Don’t rest on your laurels
You might want to stand up and stretch for this next story. It’s about the research into sedentary behavior.
You might want to stand up and stretch for this next story. It’s about the research into sedentary behavior.
Emerging science suggests there are health dangers from sitting for long stretches throughout the day — even if you’re getting your recommended daily exercise.
Some body mechanisms become less efficient when certain legs muscles are still too long. Standford University exercise physiologist Anne Friedlander explains:
Friedlander: Those muscles it seems play a large role in taking the fats that you eat in your diet and getting rid of them, clearing them from the blood, and when you’re not contracting those muscles, those fats can build up in the blood, and that can have negative effects on a lot of other systems in the body.
Alpa Patel and colleagues at the American Cancer Society found that too much sitting can up your chances of dying early.
Patel: Get up and move. There is benefit with making those little decisions in your everyday life to increase the amount of movement that you have. Don’t email your colleague in the office next door stand up and walk and ask them the question.
Researchers asked more than 120,000 Americans about their leisure time habits, and then tracked them for 14 years.
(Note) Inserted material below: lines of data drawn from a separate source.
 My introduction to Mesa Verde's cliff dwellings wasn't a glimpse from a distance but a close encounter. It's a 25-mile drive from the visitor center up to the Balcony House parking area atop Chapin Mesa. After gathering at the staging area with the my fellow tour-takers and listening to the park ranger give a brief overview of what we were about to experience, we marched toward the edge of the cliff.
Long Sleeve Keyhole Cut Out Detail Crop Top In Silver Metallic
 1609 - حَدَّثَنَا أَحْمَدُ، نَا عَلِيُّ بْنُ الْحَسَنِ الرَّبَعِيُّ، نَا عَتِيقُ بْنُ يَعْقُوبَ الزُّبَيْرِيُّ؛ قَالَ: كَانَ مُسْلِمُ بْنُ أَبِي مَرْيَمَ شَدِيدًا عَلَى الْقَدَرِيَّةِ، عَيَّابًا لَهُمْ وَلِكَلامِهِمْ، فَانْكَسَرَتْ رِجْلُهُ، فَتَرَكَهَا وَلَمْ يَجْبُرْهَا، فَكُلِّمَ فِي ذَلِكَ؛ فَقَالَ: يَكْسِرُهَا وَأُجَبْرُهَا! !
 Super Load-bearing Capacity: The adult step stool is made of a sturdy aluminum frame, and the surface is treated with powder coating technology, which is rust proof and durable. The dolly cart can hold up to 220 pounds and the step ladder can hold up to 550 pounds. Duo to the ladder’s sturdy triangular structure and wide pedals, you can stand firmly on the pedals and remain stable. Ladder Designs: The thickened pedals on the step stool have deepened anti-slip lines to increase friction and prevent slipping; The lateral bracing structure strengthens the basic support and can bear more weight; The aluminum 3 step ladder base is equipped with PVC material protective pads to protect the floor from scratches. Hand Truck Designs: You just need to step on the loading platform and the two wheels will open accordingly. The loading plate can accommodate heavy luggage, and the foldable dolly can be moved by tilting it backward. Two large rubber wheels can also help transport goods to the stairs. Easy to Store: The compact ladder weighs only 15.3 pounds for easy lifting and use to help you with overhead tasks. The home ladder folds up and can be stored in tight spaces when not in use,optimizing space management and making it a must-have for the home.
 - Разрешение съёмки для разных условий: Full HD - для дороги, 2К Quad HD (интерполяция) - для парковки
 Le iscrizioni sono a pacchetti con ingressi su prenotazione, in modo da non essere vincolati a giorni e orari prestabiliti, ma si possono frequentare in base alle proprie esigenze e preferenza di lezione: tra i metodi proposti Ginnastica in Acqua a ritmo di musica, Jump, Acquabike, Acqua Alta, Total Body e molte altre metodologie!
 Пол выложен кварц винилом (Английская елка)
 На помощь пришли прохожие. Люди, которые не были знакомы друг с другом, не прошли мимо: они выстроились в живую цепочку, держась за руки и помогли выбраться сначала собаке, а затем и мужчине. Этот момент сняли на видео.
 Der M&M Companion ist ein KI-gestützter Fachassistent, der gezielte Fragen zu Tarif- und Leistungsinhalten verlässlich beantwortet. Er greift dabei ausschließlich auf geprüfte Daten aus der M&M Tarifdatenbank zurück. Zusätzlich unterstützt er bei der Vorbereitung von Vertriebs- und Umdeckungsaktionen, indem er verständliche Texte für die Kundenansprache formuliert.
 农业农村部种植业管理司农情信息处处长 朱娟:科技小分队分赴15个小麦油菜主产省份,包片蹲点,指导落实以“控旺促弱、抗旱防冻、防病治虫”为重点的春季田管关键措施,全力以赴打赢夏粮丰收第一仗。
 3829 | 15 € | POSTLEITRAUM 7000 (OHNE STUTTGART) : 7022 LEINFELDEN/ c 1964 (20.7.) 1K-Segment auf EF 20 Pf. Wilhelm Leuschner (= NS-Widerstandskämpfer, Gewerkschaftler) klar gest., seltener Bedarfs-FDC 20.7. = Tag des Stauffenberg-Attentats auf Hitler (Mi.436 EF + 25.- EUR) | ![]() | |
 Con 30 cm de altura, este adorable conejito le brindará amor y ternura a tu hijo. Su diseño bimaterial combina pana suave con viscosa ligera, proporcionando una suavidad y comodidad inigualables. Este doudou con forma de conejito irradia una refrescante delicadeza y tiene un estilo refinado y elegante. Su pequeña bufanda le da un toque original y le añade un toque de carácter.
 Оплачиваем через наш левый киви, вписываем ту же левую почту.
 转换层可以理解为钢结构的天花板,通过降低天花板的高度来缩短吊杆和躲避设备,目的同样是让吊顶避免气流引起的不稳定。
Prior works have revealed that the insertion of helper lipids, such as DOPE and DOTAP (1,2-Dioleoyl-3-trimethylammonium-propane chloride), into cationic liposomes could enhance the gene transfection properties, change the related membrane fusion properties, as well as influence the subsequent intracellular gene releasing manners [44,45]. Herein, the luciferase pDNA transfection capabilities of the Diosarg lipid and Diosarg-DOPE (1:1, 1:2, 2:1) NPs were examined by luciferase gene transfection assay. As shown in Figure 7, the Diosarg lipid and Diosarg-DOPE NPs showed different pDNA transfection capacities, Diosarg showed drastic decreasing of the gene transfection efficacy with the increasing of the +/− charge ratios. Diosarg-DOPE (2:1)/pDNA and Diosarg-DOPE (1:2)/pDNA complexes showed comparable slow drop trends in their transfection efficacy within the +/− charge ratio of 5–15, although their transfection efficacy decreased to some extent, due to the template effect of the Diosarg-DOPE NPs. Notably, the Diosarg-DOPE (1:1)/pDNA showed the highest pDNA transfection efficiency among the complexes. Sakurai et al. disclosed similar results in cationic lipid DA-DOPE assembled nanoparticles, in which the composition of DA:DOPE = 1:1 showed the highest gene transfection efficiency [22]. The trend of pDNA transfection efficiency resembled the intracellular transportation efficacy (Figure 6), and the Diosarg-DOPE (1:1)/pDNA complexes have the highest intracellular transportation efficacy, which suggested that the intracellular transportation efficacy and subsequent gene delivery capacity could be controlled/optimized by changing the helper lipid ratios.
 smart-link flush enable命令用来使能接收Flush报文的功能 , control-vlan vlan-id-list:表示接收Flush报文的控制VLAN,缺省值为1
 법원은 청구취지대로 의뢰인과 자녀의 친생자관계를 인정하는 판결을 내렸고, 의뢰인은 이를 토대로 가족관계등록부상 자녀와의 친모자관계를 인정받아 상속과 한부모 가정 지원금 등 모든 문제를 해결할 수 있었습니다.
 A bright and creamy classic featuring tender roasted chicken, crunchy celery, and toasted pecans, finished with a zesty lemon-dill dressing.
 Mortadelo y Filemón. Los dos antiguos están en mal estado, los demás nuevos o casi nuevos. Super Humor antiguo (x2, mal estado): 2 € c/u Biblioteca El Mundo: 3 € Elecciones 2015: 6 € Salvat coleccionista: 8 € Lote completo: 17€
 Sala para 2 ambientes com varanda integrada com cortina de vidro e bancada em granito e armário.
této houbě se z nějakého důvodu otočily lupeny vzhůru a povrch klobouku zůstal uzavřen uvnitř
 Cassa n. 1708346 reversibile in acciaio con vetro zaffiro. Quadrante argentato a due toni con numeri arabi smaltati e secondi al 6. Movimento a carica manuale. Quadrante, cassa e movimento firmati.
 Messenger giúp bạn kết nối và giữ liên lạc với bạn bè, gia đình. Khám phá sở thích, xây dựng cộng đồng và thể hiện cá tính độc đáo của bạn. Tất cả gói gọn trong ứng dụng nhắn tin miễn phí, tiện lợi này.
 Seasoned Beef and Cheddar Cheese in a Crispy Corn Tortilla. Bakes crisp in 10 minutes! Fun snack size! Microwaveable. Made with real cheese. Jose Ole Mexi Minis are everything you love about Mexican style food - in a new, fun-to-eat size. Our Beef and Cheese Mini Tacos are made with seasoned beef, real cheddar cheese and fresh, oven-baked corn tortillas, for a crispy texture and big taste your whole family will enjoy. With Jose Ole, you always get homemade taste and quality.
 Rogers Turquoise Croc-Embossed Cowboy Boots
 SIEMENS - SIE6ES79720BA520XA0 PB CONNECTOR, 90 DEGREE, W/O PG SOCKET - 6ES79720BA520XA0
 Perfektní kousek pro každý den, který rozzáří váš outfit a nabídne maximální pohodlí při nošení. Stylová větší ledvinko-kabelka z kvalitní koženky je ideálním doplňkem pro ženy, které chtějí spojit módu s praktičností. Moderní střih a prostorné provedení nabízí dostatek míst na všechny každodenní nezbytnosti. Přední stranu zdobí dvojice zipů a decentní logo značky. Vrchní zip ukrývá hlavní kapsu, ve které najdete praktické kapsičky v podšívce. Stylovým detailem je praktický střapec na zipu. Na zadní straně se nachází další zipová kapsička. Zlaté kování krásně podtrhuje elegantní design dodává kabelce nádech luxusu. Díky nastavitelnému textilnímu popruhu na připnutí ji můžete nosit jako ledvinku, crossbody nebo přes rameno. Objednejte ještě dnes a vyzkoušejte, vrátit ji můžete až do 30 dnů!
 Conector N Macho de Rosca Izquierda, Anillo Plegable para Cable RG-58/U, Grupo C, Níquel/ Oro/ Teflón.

Women who regularly sat for six or more hours a day — in their leisure time – had a 37 percent higher risk of dying prematurely – compared with women who sat for fewer than three hours a day. For men, the risk was 18 percent higher.
The study appears in the American Journal of Epidemiology.
To help prevent serious health problems such as diabetes, lots of us need to be a little more active, even when we’re sitting. Some scientists are now pushing for new guidelines. They want Americans to monitor their sit time and find ways to break it up.